Post by Admin Wed Apr 30, 2014 8:01 am

As discussed in class:
Princess Merida receives a bow and arrow from her father on her 5th(?) birthday – mother disapproves because it is not ladylike.
Merida sees will o’the wisps when she searches for a lost arrow. Her mother tells her they lead people to their fates. As Merida practises her new skill, the family is attacked by ‘Mordou’, a legendarily large bear. Merida’s father defends them.
Title sequence: Merida talks about her family – her three brothers who are monsters (tricksters) and who get away with anything, and herself who is expected to be a princess. Montage of mother telling Merida everything that is expected of a princess. BUT there is one day when she isn’t expected to be a princess – her birthday.
Montage of Merida riding her horse and climbing a particularly high cliff and drinking from a waterfall. After her return home for dinner, Merida interrupts her father’s story about the bear attack, effectively taking on his role. She tells her mother of her feat. Her father is excited; her mother doesn’t listen.
Same scene – mother forces father to tell Merida that she is expected to choose a husband very soon; to that end, they have invited their allied clans to present suitors.
Merida and her mother have separate conversations about how they feel – Merida to her horse, the mother to her husband. The conversation is cut so it seems like they are talking to each other. It becomes apparent that they want different things: the mother ‘what’s best’ and Merida ‘to be heard’.
The suitors arrive with their clans. Massive displays of masculinity. Merida is told that the first born of every clan may compete for her hand – she realises that she is the first born of her clan. She chooses archery as the deciding competition.
The competition: the boy suitors each take their turn (badly). One manages to hit the centre of the target. Merida announces that she will be competing for her own hand and wins, much to the displeasure of her mother.
Major fight between mother and Merida which ends with Merida slicing the family tapestry, creating a rent between the picture of her mother and the picture of herself.
Merida goes on a horse ride and sees more will o’the wisps. She follows them to a witch’s cottage and is given a magical pie which will ‘change her fate.’
On returning home, Merida gets her mother to eat the pie as a form of reconciliation. Her mother becomes ill and Merida sneaks her to her bedroom, where the mother turns into a bear.
The pair sneak out of the castle because the father, smelling a bear on the premises, starts a bear hunt. Merida leads her mother to the witch’s cottage to find it empty, but with a message – the bond broken by pride must be mended within two sunrises or the spell will be permanent.
Merida and her mother bond while catching fish. They bond further when they stumble into the lair of Mordou, and Merida realises that Mordou is a legendary prince who used the same spell to gain strength to defeat his brothers. A broken tablet of the four brothers gives Merida the clue that she must repair the tapestry to fix the spell.
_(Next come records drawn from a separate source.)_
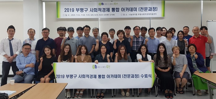 인천 부평구는 22일 부평사회적경제마을센터에서 ‘2019 사회적 경제 통합 아카데미 전문과정 수료식’을 개최했다. 사진은 수료식에 참석한 관계자들이 기념촬영을 하는 모습.(사진제공=부평구청)
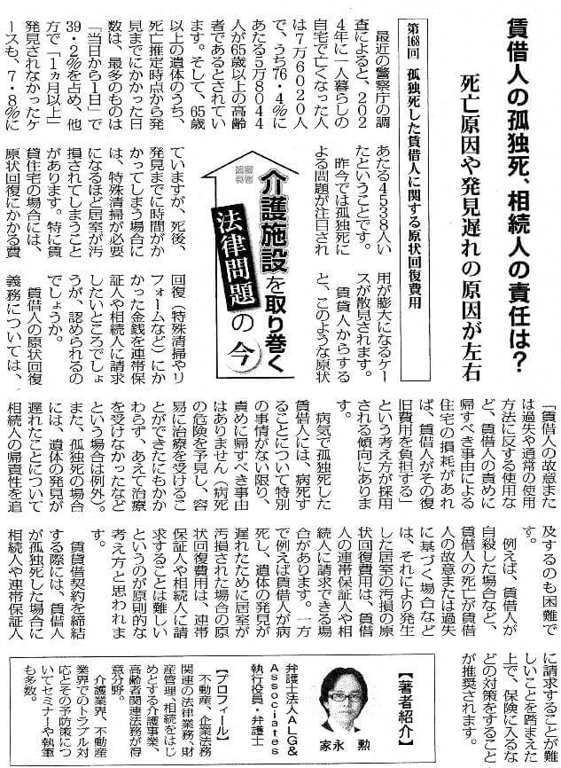 | 連載「介護施設を取り巻く法律問題の今」『第168回 孤独死した賃借人に関する原状回復費用』を、執行役員・弁護士 家永 勲が執筆しました。 | |
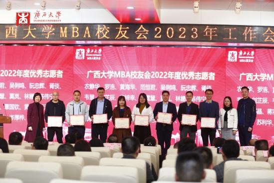 MBA校友会新聘任周树高、吴俐鸣、黄谦、阮忠辉、凌玲、黄海华、刘雪莲、李琼、农静华、罗浩、胥倓等11位校友为MBA校友会副秘书长,并为他们颁发了聘书。
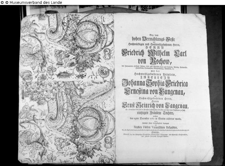Gedruckter Bericht von der Hochzeit von Friedrich Wilhelm Carl von Rochow und Johanna von Langenau in Stettin 1761.

The two sneak back into the castle. To cover her bear-mother’s ascension up the stairs, Merida gives a speech to the warring clans, saying she is willing to marry one of the suitors. Midway through her speech she sees a signal from her mother that all of the children of the clans should be free to follow their hearts, fall in love naturally and decide when they are grown who her husband will be.
As they are fetching the tapestry, Merida’s mother momentarily turns into a real bear, forgetting her human self. This attracts the attention of the father, who assumes the bear has eaten his wife. Bear-mum (now back to being a human inside a bear) is horrified at what she’s done and flees the castle.
Merida tells her father that the bear is her mum but the father doesn’t believe her and locks her in her room. With the help of Merida’s three brothers – now little bears because the greedy buggers ate the rest of the pie – Merida escapes with the tapestry and her brothers and chases the group now hunting her mum.
During the chase, Merida sees more will o’the wisps and follows them on a short cut. In the meantime, Mum has been captured and tied with ropes. Dad is about to give her a stabbing when Merida arrives and fights him off.
Then Mordou arrives. Mum fights Mordou, who has focussed on Merida. The mum uses her wits to get Mordou crushed by a falling standing stone. As he dies, the legendary prince’s ghost appears and turns into a will o’the wisp.
Merida places the repaired tapestry around her mum as the sunrise occurs, but she remains a bear – losing her human personality. Merida, in tears, tells her mum that she’s sorry and she wishes she could undo what she’s done, and that she knows her mum was always there for her (somehow avoiding being eviscerated by what is now a confused wild bear). Mum transforms back. Comedy about nakedness ensues.
Final scenes: the suitors are going home, the family is whole again, and Merida and her mum go on an adventurous wild horse ride again.